From the entries that follow, copy exactly the lines beginning at the line holding "從今年1月開始,遊客驚喜發現" and continuing through the line holding "Kate Aurora Artisan".

Saved entries
------------------------------------------------------------------------
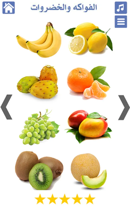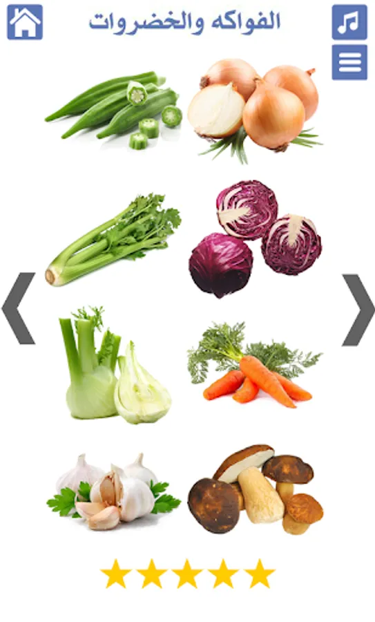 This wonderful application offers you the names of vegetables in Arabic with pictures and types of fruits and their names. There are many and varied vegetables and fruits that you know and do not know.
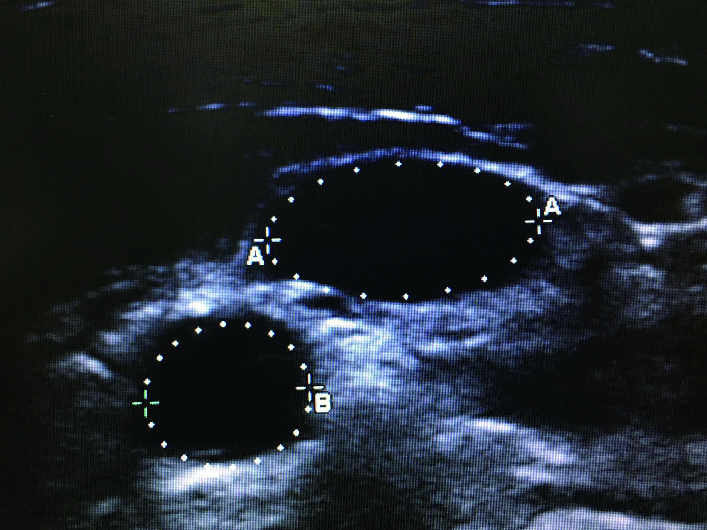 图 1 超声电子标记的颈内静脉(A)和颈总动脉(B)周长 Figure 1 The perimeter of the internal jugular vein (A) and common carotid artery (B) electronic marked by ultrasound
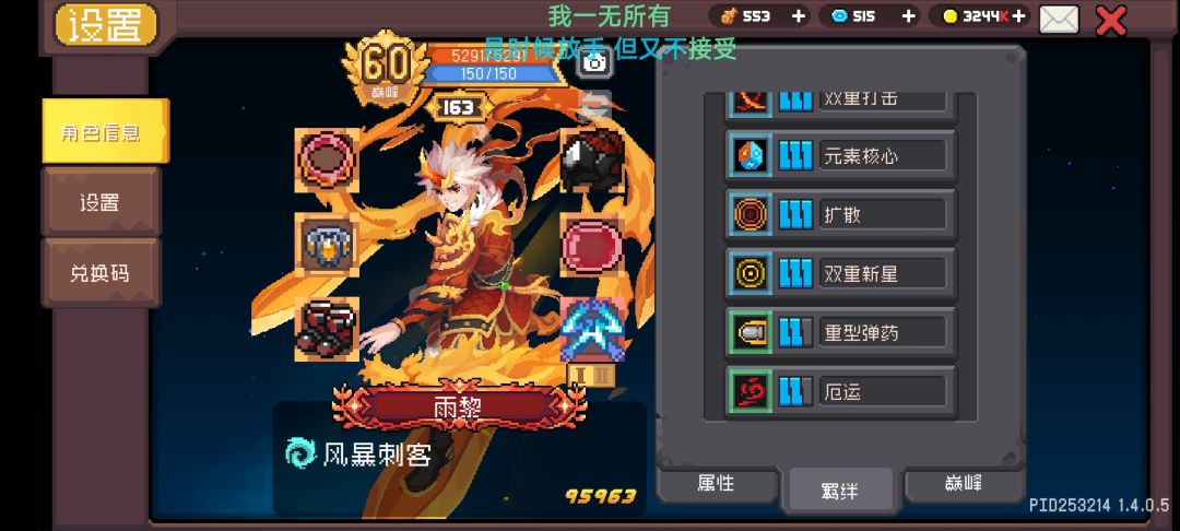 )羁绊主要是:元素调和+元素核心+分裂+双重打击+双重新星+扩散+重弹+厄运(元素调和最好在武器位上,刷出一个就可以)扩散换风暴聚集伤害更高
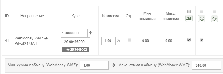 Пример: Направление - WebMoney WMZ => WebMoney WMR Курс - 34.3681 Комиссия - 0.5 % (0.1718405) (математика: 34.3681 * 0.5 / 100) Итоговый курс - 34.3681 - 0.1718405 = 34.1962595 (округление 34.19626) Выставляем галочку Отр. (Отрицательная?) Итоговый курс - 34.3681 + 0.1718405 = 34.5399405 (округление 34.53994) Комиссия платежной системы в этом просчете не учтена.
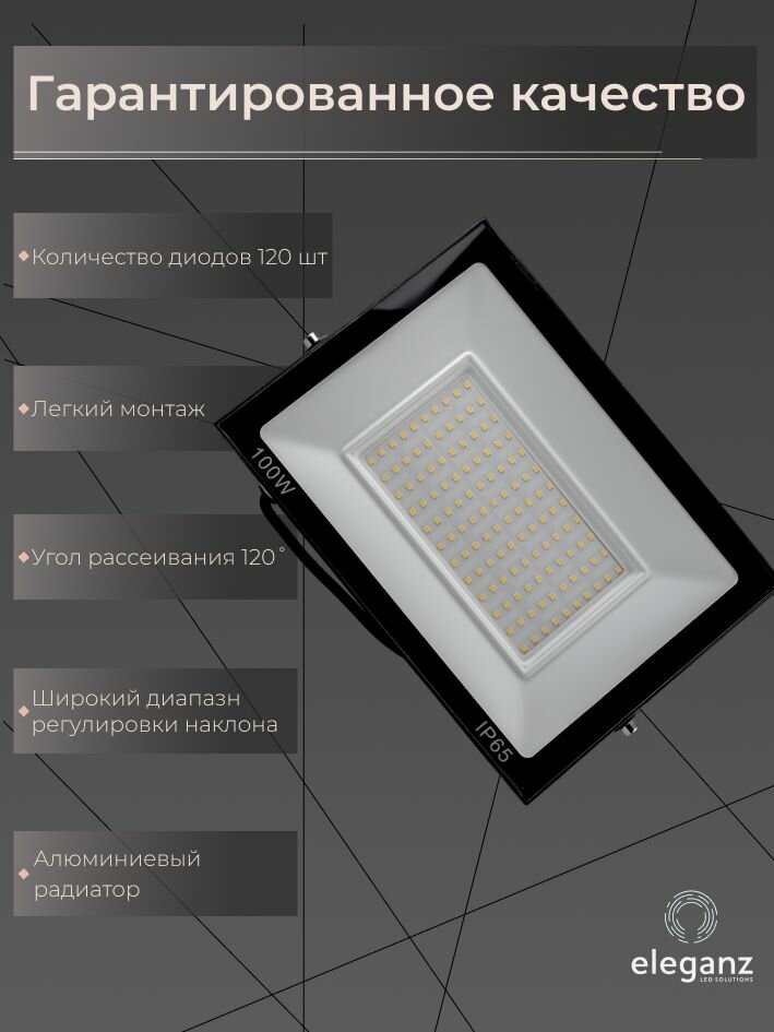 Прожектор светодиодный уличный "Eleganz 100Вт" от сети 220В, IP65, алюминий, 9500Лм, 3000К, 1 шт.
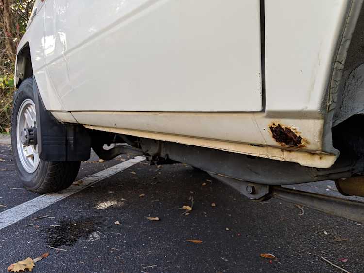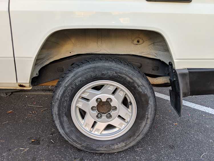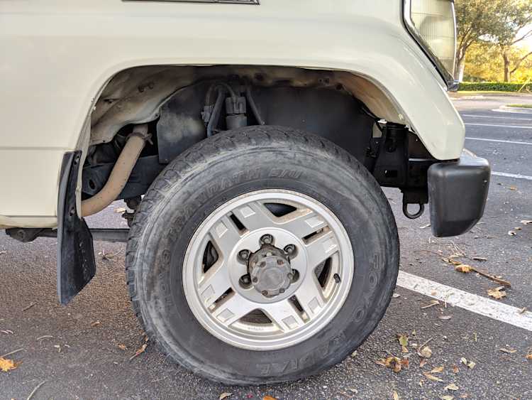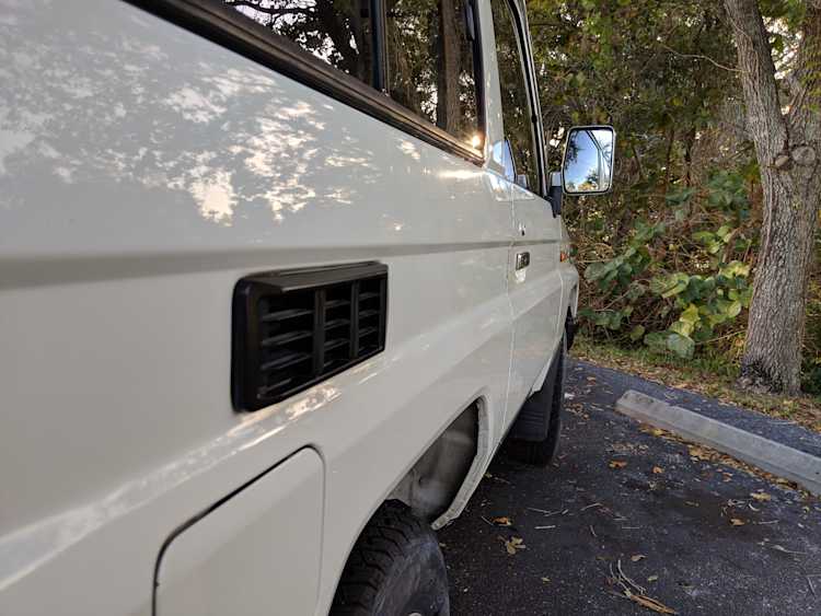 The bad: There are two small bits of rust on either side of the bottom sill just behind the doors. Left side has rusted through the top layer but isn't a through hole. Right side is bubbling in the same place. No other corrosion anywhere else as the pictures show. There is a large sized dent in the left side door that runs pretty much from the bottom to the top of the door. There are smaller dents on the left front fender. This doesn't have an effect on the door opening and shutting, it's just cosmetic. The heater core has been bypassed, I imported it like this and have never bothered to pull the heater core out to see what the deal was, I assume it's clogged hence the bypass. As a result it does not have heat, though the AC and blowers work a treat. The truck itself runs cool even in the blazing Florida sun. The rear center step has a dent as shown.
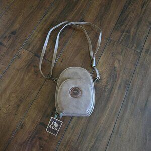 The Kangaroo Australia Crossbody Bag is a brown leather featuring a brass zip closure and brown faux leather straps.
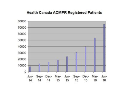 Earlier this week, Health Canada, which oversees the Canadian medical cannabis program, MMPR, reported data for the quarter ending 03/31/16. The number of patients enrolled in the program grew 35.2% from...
------------------------------------------------------------------------
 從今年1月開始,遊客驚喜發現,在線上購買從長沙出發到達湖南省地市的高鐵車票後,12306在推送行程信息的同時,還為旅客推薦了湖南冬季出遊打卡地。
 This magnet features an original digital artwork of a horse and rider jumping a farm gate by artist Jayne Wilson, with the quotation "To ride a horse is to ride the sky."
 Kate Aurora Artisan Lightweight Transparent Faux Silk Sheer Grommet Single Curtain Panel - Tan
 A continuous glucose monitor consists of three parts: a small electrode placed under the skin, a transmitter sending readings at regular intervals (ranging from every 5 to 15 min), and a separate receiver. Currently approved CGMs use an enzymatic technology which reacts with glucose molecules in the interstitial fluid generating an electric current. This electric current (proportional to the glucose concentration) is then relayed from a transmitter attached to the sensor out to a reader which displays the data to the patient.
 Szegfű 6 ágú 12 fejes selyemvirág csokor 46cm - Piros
------------------------------------------------------------------------
*Result of the task:*
 從今年1月開始,遊客驚喜發現,在線上購買從長沙出發到達湖南省地市的高鐵車票後,12306在推送行程信息的同時,還為旅客推薦了湖南冬季出遊打卡地。
 This magnet features an original digital artwork of a horse and rider jumping a farm gate by artist Jayne Wilson, with the quotation "To ride a horse is to ride the sky."
 Kate Aurora Artisan Lightweight Transparent Faux Silk Sheer Grommet Single Curtain Panel - Tan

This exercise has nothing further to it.